After graduating culinary school, I wanted to show off some of my techniques and skills to my family. So, I made them a tomato galette that they talk about to this day. I hope you get some delicious heirloom tomatoes or maybe some from your backyard to make this galette. Enjoy making memories with your family and friends!

Ingredients

  • 1 galette pastry dough
  • 4 medium sized heirloom tomatoes, sliced ¼ inch thick
  • 8 oz of goat cheese, room temperature
  • 4 Tablespoons heavy cream
  • 2 Tablespoons of chives, coarsely chopped
  • 3 Tablespoons of parsley, coarsely chopped
  • 2 garlic cloves, minced
  • 1 medium Vidalia onion, sliced ⅛ inch thick
  • Salt and pepper to taste
  • 1 large egg, beaten
  • 1 Tablespoon of water
  • Flaky sea salt
  • 2 Tablespoon of olive oil

Directions

  • 1. Preheat the oven to 375 F
  • 2. Slice the tomatoes and place on a paper towel. Sprinkle with salt. This will release water from the tomato and help the pastry from getting soggy.
  • 3. Add goat cheese, heavy cream, and herbs into a food processor. Blend until smooth.
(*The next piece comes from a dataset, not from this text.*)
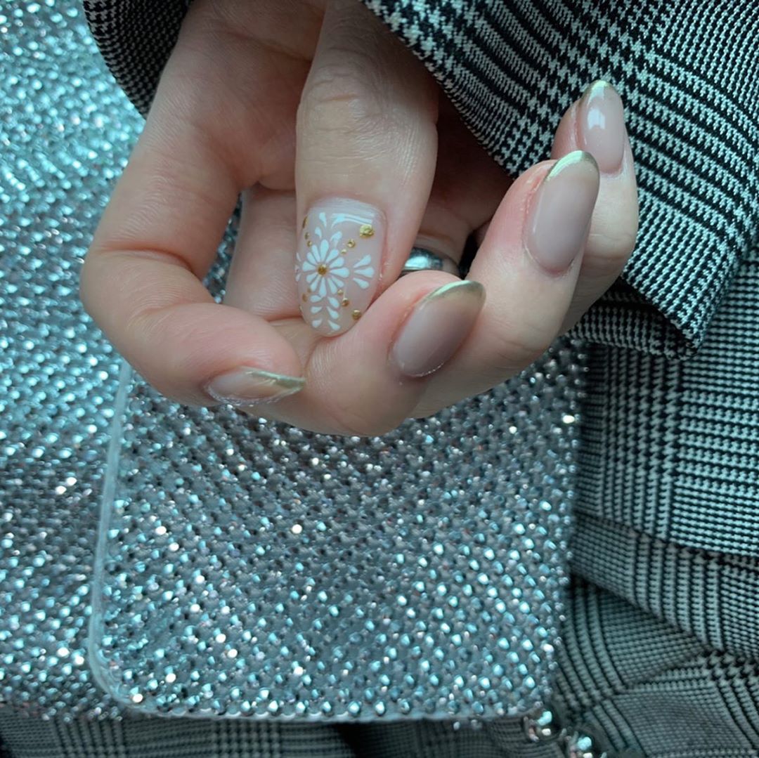 new nails💎 ヌーディーカラーに ゴールドミラーのフレンチネイルと お花の刺繍ネイル。 可愛い〜〜 #ヨコタノネイル #hikaru_yokota#横田ひかるHikaru YokotaYokota Hikaruヨコタノネイル
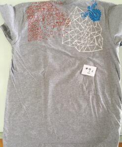 Cotton T-shirt with multiple screenprinted colors & patterns, printing front & back.

Season with salt and pepper.
  • 4. Heat a skillet to medium high heat, add olive oil and sliced onions. Cook onions and stir until onion turn translucent, 5 mins. Add minced garlic, cook for an additional 2 minutes.
  • 5. Add salt and reduce the heat to medium-low, stir occasionally and cook for another 45 mins or until the onions are golden brown and carmelized. If they start to stick, add a little water to loosen them. Remove for heat.
  • 6. Unwrap the dough and place on a lightly, floured surface. Roll out to a 14 inch round about ⅛ inch thick. Transfer to a parchment lined baking sheet.
  • 7. Apply a thin layer of the herbed goat cheese spread over the dough, leaving a 2 inch border. Add carmelized onions over the cheese spread and then tomatoes on top. Bring edges of dough up and overlap as needed. Season the tomatoes with flaky sea salt and pepper.
  • 8. Whisk the egg and water together in a small bowl. Brush the pastry edges with the egg wash. Sprinkle the edges with flaky sea salt.
  • 9. Bake galette until crust is a deep, golden brown, 45-50 minutes.